NRMLA Advocates Reduced MIP In Place of PLF Haircut
October 14, 2009
In his testimony last week before the Subcommittee on Housing and Community Opportunity, NRMLA President Peter Bell proposed a restructuring of the mortgage insurance premium collected by the Federal Housing Administration on all Home Equity Conversion Mortgages and removing the 10 percent reduction in principal limit factors.
An informal analysis conducted by NRMLA and three of the most active HECM lenders found that 20% of borrowers (approximately 23,000 homeowners) who got reverse mortgages this year would not have qualified for a reverse mortgage after the PLF reduction was implemented because they would not received sufficient funds to pay off their existing mortgages.

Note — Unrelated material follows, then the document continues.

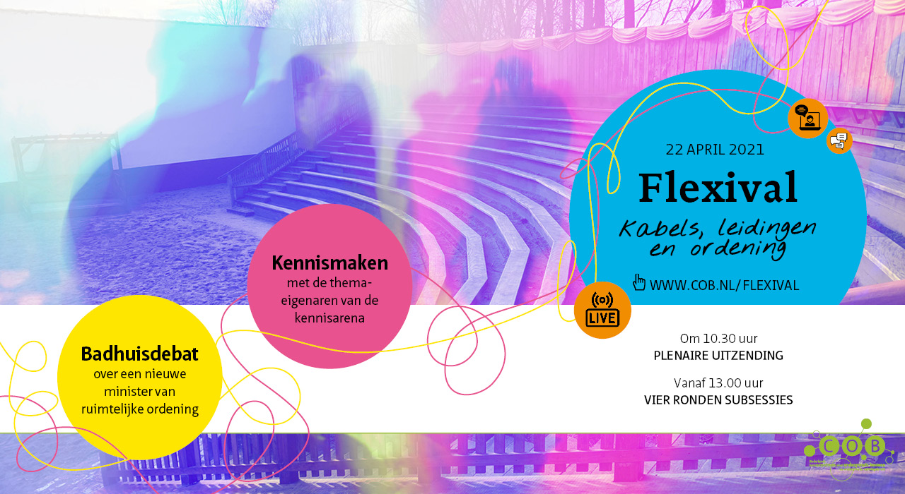 Nieuwe inzichten, dwarsverbanden en humor zijn vaste ingrediënten van het Flexival. Een congres voor out-of-the-boxdenkers en zij die dat willen worden. Kabels en leidingen en ondergrondse ordening stonden centraal op deze dag. Eerst was er een plenaire uitzending, na de lunch waren er zestien subsessies om uit te kiezen.
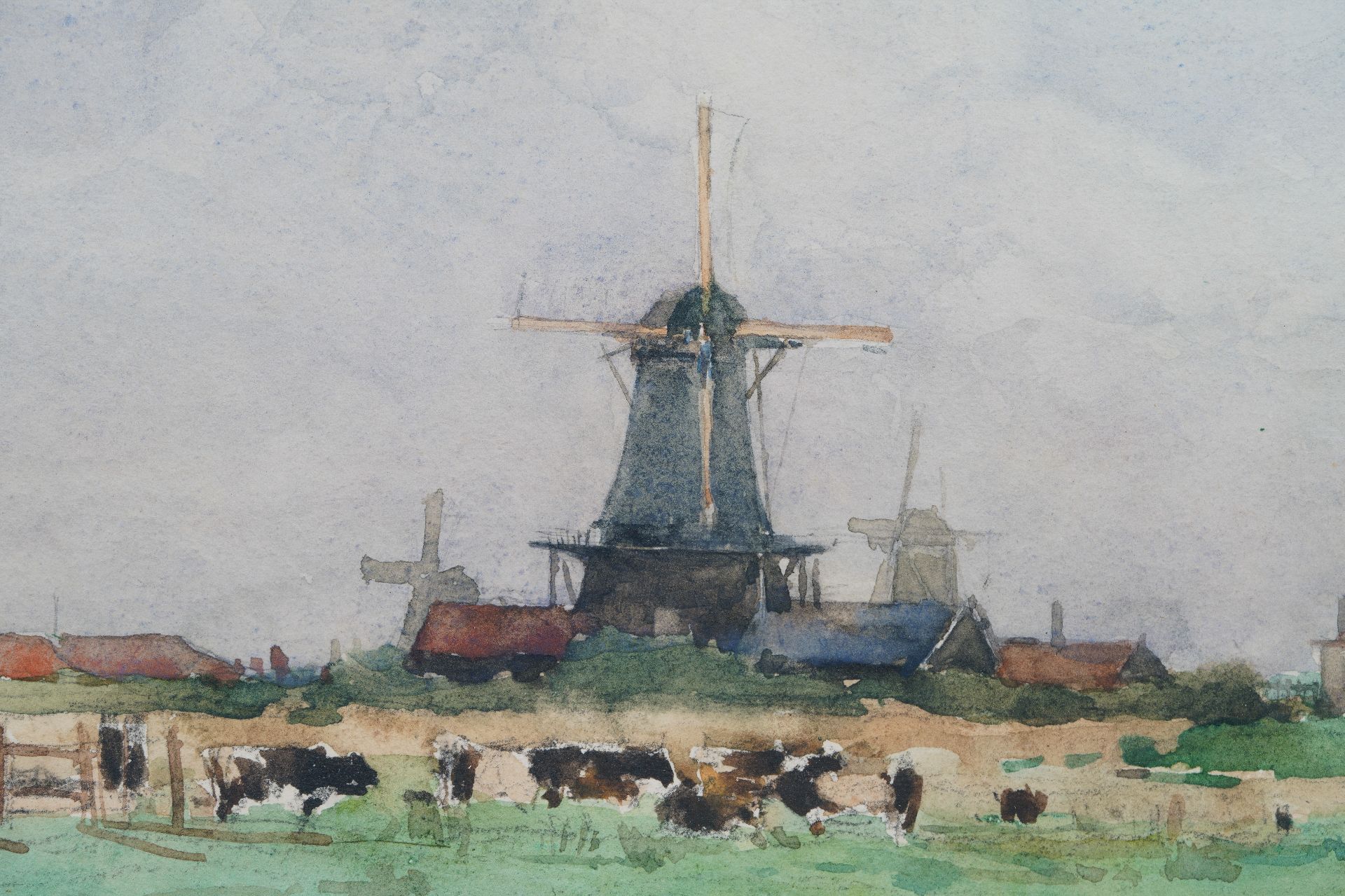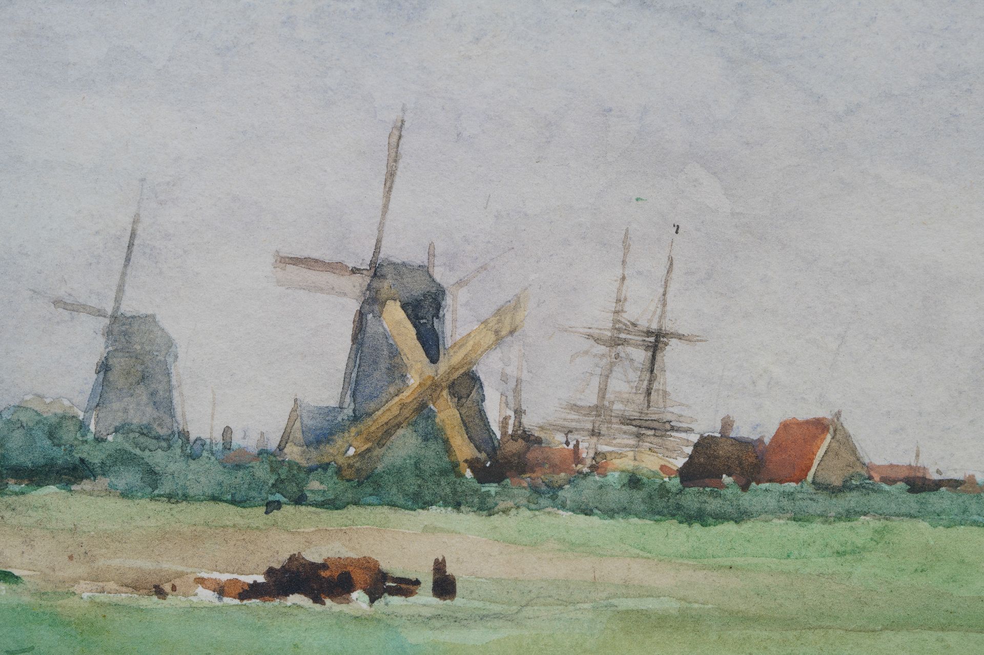 Victor Uytterschaut kunstwerk • aquarel • tekening • voorheen te koop Molens in een Hollands polderlandschap

“An alternative we recommend would be to adjust the mortgage insurance premium to generate more income to the FHA insurance fund,” Bell testified. “HUD could generate the income the program needs to operate, while reducing upfront costs, by restructuring the MIP with a lower front-end amount and a higher ongoing MIP. By reducing the up-front premium to 1% or less, while raising the ongoing premium an appropriate amount, the program can be operated on an easily-adjusted self-sustaining basis, senior homeowners would not have to experience any reduction in proceeds from a HECM, and up-front costs could be lowered—a winning combination for all.”